I work with extremely successful and exceptionally bright professionals who, after years of hard work, have grown a business that has going concern. But like most savvy business owners, my clients come to realize that it is time to transition and “pass the baton”, so to speak, to a younger professional who can carry the business into the next generation. But selling a business is a lot of work. And certainly selling a professional service business must be harder (or so many of my clients think). Then the question remains: is it worth it? The short answer: absolutely. Sure, there are countless moving parts and factors to consider when selling a business. But with the proper planning and team in place, you can maximize your return on investment. In fact, your business may be worth even more than you think. And, fortunately, there are several rules of thumb for selling a business that you can consider. 

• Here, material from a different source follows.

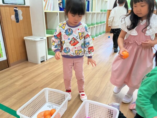 みんなでcolorを覚えた後は、床に散らばったカラーボールをカラー別に

Now that you have decided to sell your business, I am sure you are longing to know how much value can be obtained from selling it. And, even more, how do you go about determining value? Let me speak candidly for a moment: valuing a business, which has grown organically over the course of 20+ years, is no easy task. And while business valuation is not an exact science, I can assure you that there is a way to determine, with 100% certainty, what the value of your business is: put it on the market!

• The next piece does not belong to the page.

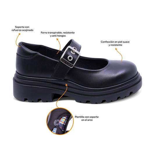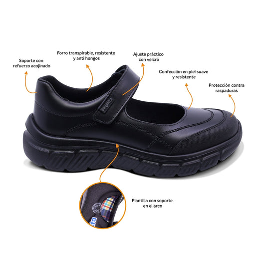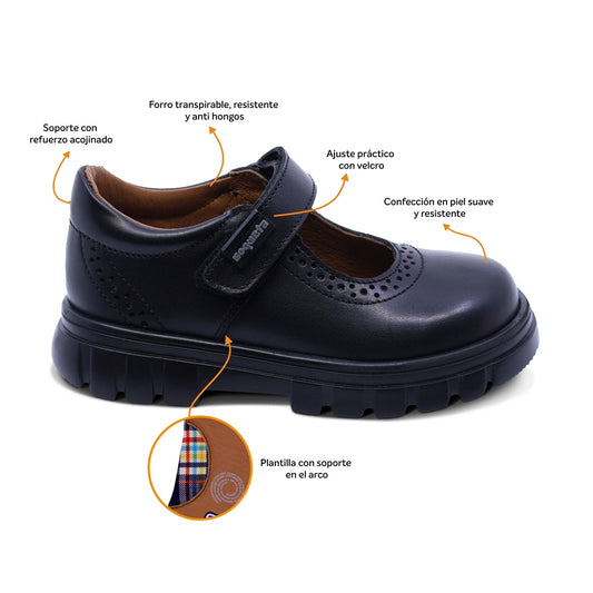 Zapato escolar Coqueta para niña de piel en negro Pilatus con ajuste cómodo

If you don’t want to test the market before having a general idea of what your business is worth (a good idea), take a look at the following six general rules of thumb for business valuation. With some objective reflection, you should feel confident in what the market will bear when you put your business up for sale. 

  1. Starting Point: In general, the starting point for the value of a law practice begins at 0.9-1.0 times annual gross revenue. If you have an accounting practice, the starting point is closer to 1.0-1.2 times annual gross revenue. Other private practices, like medical or dental, have yet a different multiplier. But as you apply the following factors, you can expect the multiple to increase or decrease slightly.
  1. Payment Terms: Cash is king. You should plan on having both a cash (lower) and seller-financed (higher) price in mind. For instance, if a buyer brings 100% of the purchase price at closing (or darn near), then you should be willing to take the “lower” cash price as the risk of not getting paid falls close to zero. Conversely, if you are willing to finance all, or a majority of the purchase price, then the total purchase price should be higher.
  1. Ownership Transition: The more you are willing to provide by way of transition assistance, the higher the potential multiplier. Keep in mind that with either a cash or financed price, the buyer is paying you for a certain amount of transition assistance. As a seller, you should expect to provide transition services as part of the deal, including making introductions to key clients, referral sources, and the like. But the more you are willing to help ensure a successful transition, the higher the value to the buyer and, therefore, the larger the multiplier you are likely to receive.
  1. Client Relationships: Continued patronage from repeat clients is an important factor that you should be tracking long before taking your business to market (if you aren’t tracking this, start now). The more you can show that revenue is tied to clients that come back month-over-month or year-over-year (depending on your practice), the better. Think about it: your business is attractive so long as revenue is coming in the door with or without you. So, the more automatic the reoccurring revenue is, the higher the multiplier you can expect.
  1. Client Concentration:  Having revenue concentrated with one or a few “large” accounts can sometimes cause a decrease in the potential value of a professional service business. However, the contrary is also true: having no concentration, but revenue that is spread across a variety of clients, can actually increase value. If you do not have a high concentration of revenue tied to any one large client, then you have minimized the risk of losing a substantial amount of revenue if any one client were to leave, thus creating a higher potential multiplier.
  1. Profitability: Last, but certainly not least, is profitability. How much does it cost to run your practice? How much cash do you have left over at the end of the year? If you are running a professional service business with overhead of 50% or less, then you are in very good shape. Having healthy net income and gross revenue that is growing year-over-year shows a potential buyer that there is less risk of drop-off in the future. And when it comes to determining value, and ultimately finding a buyer who can obtain financing, profitability is something that a lender looks very closely at to determine if the business can service future debt. In sum: higher and/or increasing profitability = higher multiplier.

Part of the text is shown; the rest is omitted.